In the face of extreme adversity, our economy, like our nation, remains resilient.  Despite a sequence of economic slowdown, attack on our homeland, war in Afghanistan, and weakened investor confidence, the economy is recovering.  But as the President has stated, we can and must do better.  Relative success is not sufficient.  Too many Americans are out of work today, and too many Americans are insecure about their tomorrow. 

We must build on the proven strengths of our economy.  We must continue to move towards policies that will create more good jobs and raise living standards for all.  As long as there are Americans who want a job and can’t find one, the economy is not growing fast enough.   That’s why President Bush’s jobs and growth package is so important.  Under the President's proposal, 92 million taxpayers and their families would receive a tax cut in 2003. 

A typical family of four with two earners making a combined $39,000 will receive a total of $1,100 in tax relief, compared to the taxes they paid in 2002, under the President's plan – and not just this year, but in each and every year after. 

And his plan will create hundreds of thousand of additional jobs by the end of this year and well over a million more by the end of next year.

The package will not only help America return to its economic potential, it will increase it, creating a more abundant future with more good jobs and rising real wages.  I believe that is what everyone in this room and across America seeks. 

Before I turn to the budget, a word about deficits.  Deficits matter.  They are never welcome.  But there are times, such as these, when they are unavoidable, particularly when we are compelled to address critical national needs. 

It is important to remember, even without the President’s economic growth and jobs package, homeland security, and the war on terrorism, we would have deficits now.  Are these deficits welcome?  No.  Are they understandable?  Yes.

The surpluses we enjoyed were the product of a strong economy, not a weak one.  We will not return to economic strength by taxing our economy when it is struggling, any more than we would increase our nation’s security by failing to fund its defense when it is threatened.  The prescription for returning to balanced budgets is straightforward: hold the line on spending and grow the economy. 

This is the direction the President has chosen: a course to create real jobs that last.  We are not going to let terrorism and its effects bring either our nation or our economy to its knees.

Finally, we should remember that current deficits are small relative to our unique circumstances and to our economy as a whole.  Even at their depth, they remain considerably below the typical levels following a recession over the last 30 years and they begin a pronounced improvement after next year.

We face new threats and challenges.  Job creation and economic growth are keys not only to our near-term but our long-term success as well. 

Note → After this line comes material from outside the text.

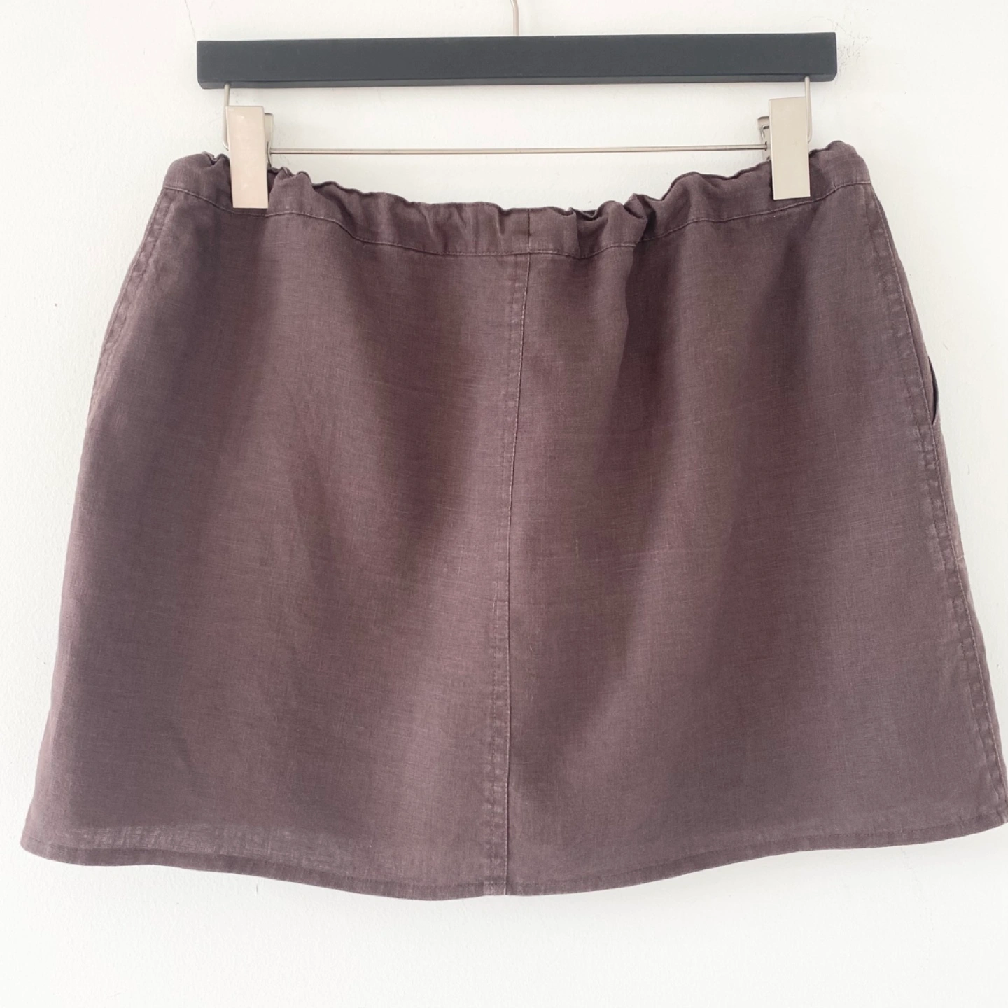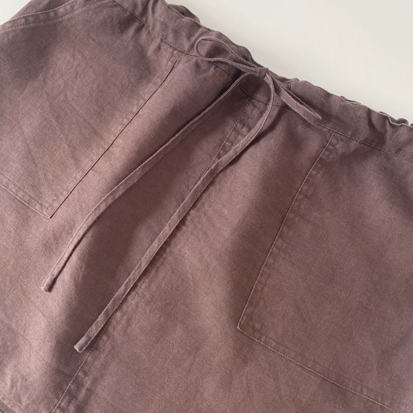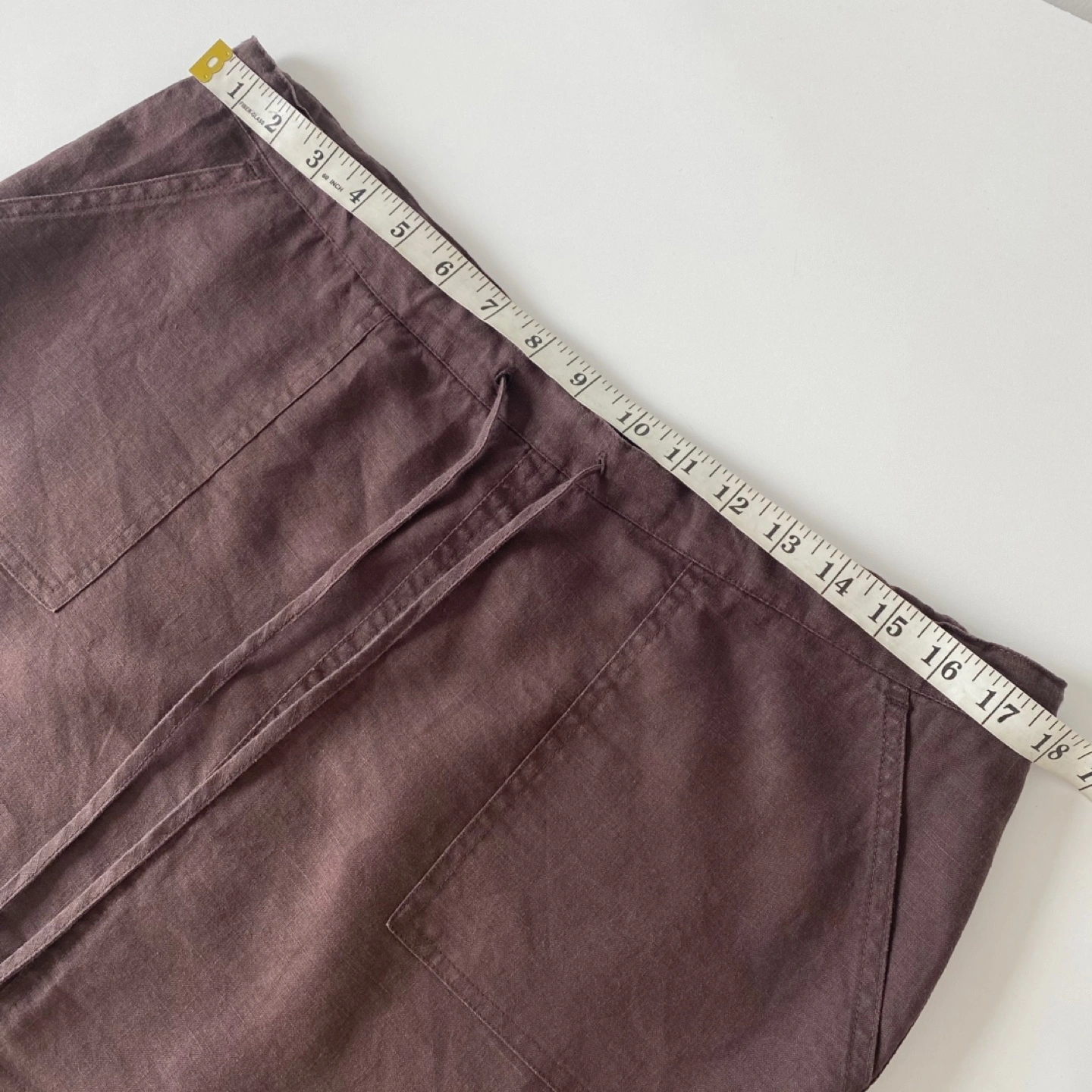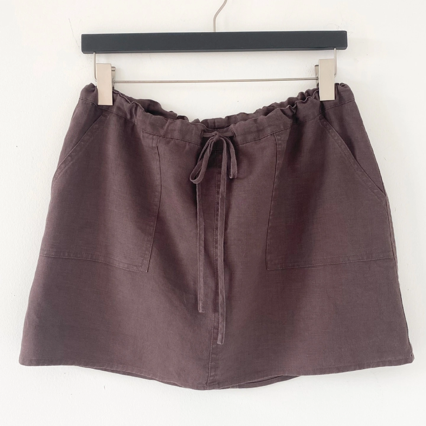 615Pick up only in Leslieville (Queen and Pape) Check out other listings! Y2K pull-on mini skirt with drawstring and side pockets. Made of 100% line in a brown colour. There's some general wear but no staining or damage. It's clean and in excellent condition. Size M Approximate measurements laid flat Waist 18” Center back length 14.5”

If we are to meet the threats of today and the challenges of tomorrow, we must have a strong economy.  In fact, we must seek a higher level of prosperity for America than we have known – one which puts us on an even higher growth path, one which unlocks the fullest potential and talents of the American people.  That means encouraging hard work, rewarding hard work, and creating the opportunities for work for all Americans.  These are the values that brought America to where we are today and they are the ones that we must allow to lead us into the future.

We must also remember that our success and our example in this endeavor promises not only a brighter, better future for our people and our children, but for the rest of the world as well.

The Jobs and Growth Package, our new initiatives to promote savings, to promote health care coverage, to encourage charitable giving, to promote responsible energy production, and improved compliance measures from the Internal Revenue Service are all important budget initiatives. 

I look forward to discussing that plan and the rest of the President’s budget with you today.